How Ethnocentrism is Lost in the Wanderer’s Heart

wanderer stories

ethnocentrismˌ  ɛθnə(ʊ)ˈsɛntrɪz(ə)m/
noun
evaluation of other cultures according to preconceptions originating in the standards and customs of one’s own culture.

Feelings on race relations are running hot through the blood of many in my social circles lately. I’m speaking from the perspective of an American, watching from afar as my country is a host to polarizing political speech and public protests on the regular.

I deeply desire to engage in the conversation. I ache to be a part of positive societal change back in my homeland.

But what I’m noticing is that bridging the gap between ethnic groups is incredibly difficult when people have never stepped into the life of someone who looks or acts differently than themselves.

I’m consistently told that racism doesn’t exist in 2018. That in a country where “all men are created equal” there is true equality. That it is not the responsibility of one race to look out for the other, but that individual choices determine the direction of one’s life outcomes.

And honestly, I sometimes stutter in disbelief. I don’t know how to respond to people denying their own ethnocentrism.

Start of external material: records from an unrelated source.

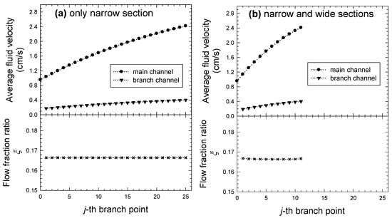 Two cases are considered as the branch channels formed by only a narrow section as well as a branch channel formed by wide and narrow sections. Figure 4 illustrates the average velocity in the main and branch channels, computed at each branch point, along with the flow fraction ratio estimated from these values. The number of branch channels is obtained as 25 for the case with only a narrow section (Figure 4a), and 11 for the case with narrow and wide sections (Figure 4b). The average velocity increases in the main and branch channels as the branch point becomes larger (i.e., towards the downstream position of the main channel), regardless of the presence of a wide section. This behavior is evidently different from the case of a single side channel. The velocity increase is due to the continuous replenishment of fluids from multiple side channels having the same number of branch channels, as it goes to the downstream position of the main channel. The degree of velocity increase is about 260% in the main channel and about 200% in the branch channel, indicating a greater increase in the main channel. These results imply that the depletion of main flow never occurs, even at the end of the main channel, which is also confirmed by the result of a constant flow fraction ratio. Furthermore, it means that the cut-off width assigned in the main channel can be maintained consistently from the start to the end of the main channel.
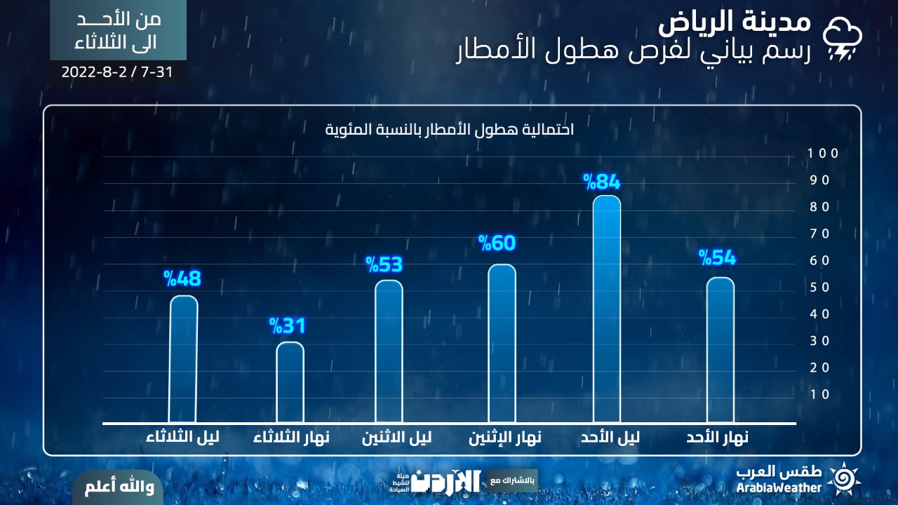 وبحسب ما تُشير إليه مُخرجات النمذجة الحاسوبية المُطورة من قبل طقس العرب فيُتوقع إستمرار تدفق بخار الماء الإستوائي للمُرتفعات الغربية من المملكة، مما يعني تكاثر السُحب الرعدية فترة الظهر والمساء وهطول زخات من المطر في أجزاء من القطاع الجنوبي الغربي من المملكة بما في ذلك مُرتفعات جازان وعسير والباحة وجنوب منطقة مكة المُكرمة ولا يُستبعد أن تُطال فُرص الأمطار مدينة الطائف، كما وتشمل فُرص الأمطار أجزاء من عِدّة من منطقة المدينة المُنورة، ومناطق عشوائية من تبوك وحائل والجوف وبشكلٍ محدود القصيم، وتكون الأمطار مُتفاوتة الشدّة وغزيرة أحياناً وقد تتسبب في جريان الأودية في بعض المناطق خاصةً القطاع الجنوبي الغربي بالإضافة إلى أنها تُسبق في العديد من الأحيان بنشاط كبير في سرعة الرياح التي قد تتسبب في تشكل عواصف تُرابية محلية.
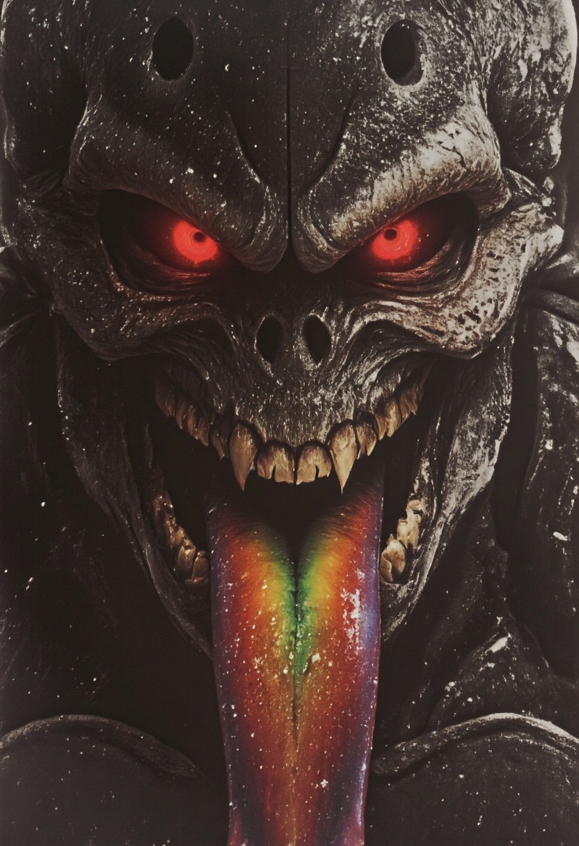 Extreme face closeup of a dark, menacing spawn in the heat of an intense, action-packed battle, captured with the gritty realism of an old analog camera. His piercing gaze is both haunting and resolute. The ethereal glow of his massive, twisted translucent tongue reflects in his eyes, crackling with dark energy that pulses ominously through the tongue. The rainbow-colored metallic sheen of His armor is faintly visible at the edges of the frame, hinting at its unique and alluring design. The intense glow from the tongue creates stark contrasts, illuminating her sharp features and casting dynamic, flickering shadows across her face. Jagged, twisted patterns etched into hus chainmail dress are barely visible, their ghastly visage seemingly alive, as the sinister light cuts through the battlefield’s hazy Steel sky.
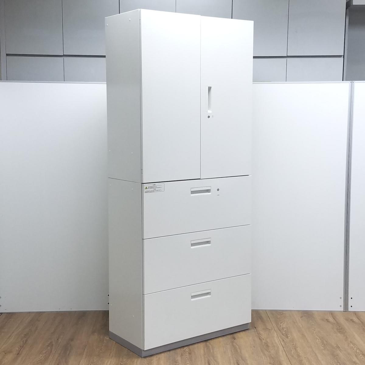 ★【T12】【商品入替のため、残り2台限り】プラス製 L6 ホワイト W900×D450×H2150 両開き+3段ラテラル シリンダー錠 オフィスの書類をスッキリ整理! 両開きと引き出し式の人気の組み合わせ! ハイキャビネット 上下書庫セット!!在庫がある店舗一覧
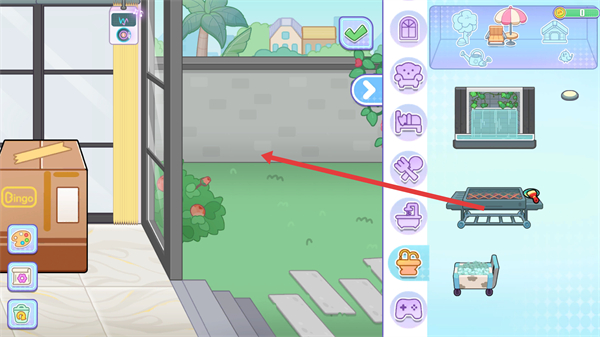 4、進入戶外裝扮界面,選擇【燒烤架】道具,點擊該道具可將其布置到戶外空間,豐富戶外區(qū)域的設施配置。
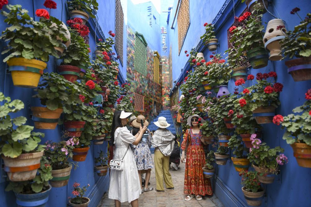 人们在新疆喀什古城景区彩虹巷内游玩拍照(2023年6月14日摄)。新华社记者 胡虎虎 摄
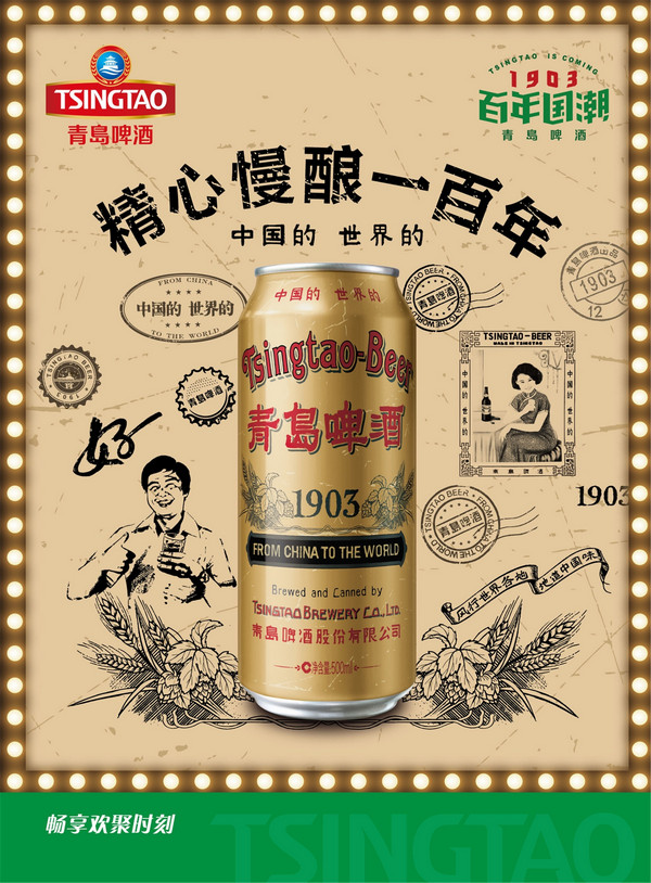 經(jīng)典1903國潮罐是青島啤酒為再造精釀傳奇,傳承青啤文化和品牌魅力的產(chǎn)品。采用源自1903年的“兩段法低溫釀造工藝”,精心慢釀,造就了醇香四溢的口感和體驗。罐體上復(fù)刻了百年前經(jīng)典瓶貼畫面,是啤酒中的國潮和時尚的典范。
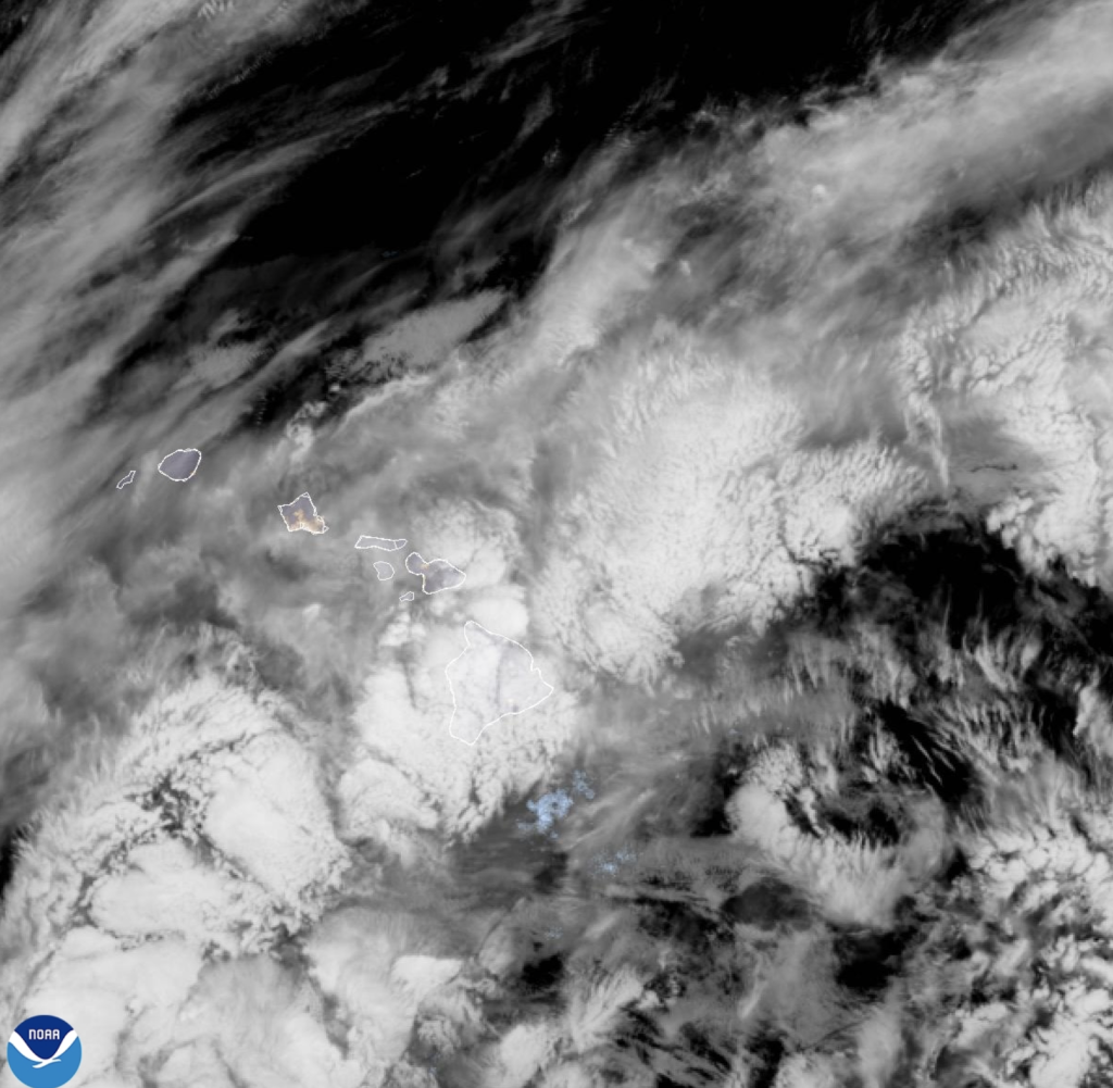 “This upper low will weaken and slowly drift farther to the southwest and away from the state through Wednesday. A surface high to the north will strengthen overnight, helping keep strong trade winds blowing through tomorrow, with only a little bit of weakening going into Tuesday,” according to the NWS.

I have a feeling that those of us who wander have experienced the same frustration. And perhaps we only feel comfortable accepting our own ethnocentrism because we’ve felt it being peeled off layer by layer, stripping us slowly of those things we thought were universal truths.

For the wanderer, universal truths have become lost in the power of individual stories.

We’ve learned that there is more than one method to achieving the same outcome. Across the globe, people are creative and capable and coexist in a number of ways.

People can

look different and

act different and

eat different and

work different and

care different and

drive different and

decorate different and

medicate different and

celebrate different and

IT CAN STILL BE RIGHT.

People can hold different values and be equally valuable.

This is what the wanderer knows. Because we’ve seen it work. And we’ve accepted that our ways are not higher or better, nor are our neighbors’ ways higher or better. People are people and different is just…different.

I suppose we all battle ethnocentrism. It’s a human thing.

But the more we travel, the more we accept difference and the less we lord our ways over others.

As long as our wandering hearts are bound to the Father, He will continue to reveal His love for all of mankind. My prayer for those of us reading today is that we will find poignant ways to share His Truths about our neighbors that honor and protect their inherent worth.

———–

How has travel influenced your understanding of ethnocentrism? How have you wrestled with coming to love new places and people from around the world? How do you engage in conversations where you feel you are alone in your experiences and perspective?

 

Photo by Liam Simpson on Unsplash

2 Comments

  1. David Stembridge February 14, 2018

    I first heard the word in 84, before traveling to Uganda with the first group of students at Covenant College that Henry Krabbendam would bring. There was little that prepared me for the devastation of Idi Amen’s terror reign that I would see and hear about. That word though made me think, again and again. It led me to study anthropology; but moreso to see people without judging them based on my limited and biased opinions. I am so thankful for learning the word before going. Now, I realize it’s my job to continue passing it along. Thanks for the great reminder!

    1. Lauren Pinkston February 18, 2018

      David,
      Thank you so much for sharing this story and your history with this concept and idea…I love how your experiences led you to studying anthropology. What a gift you must be to those you work alongside. Blessings to you!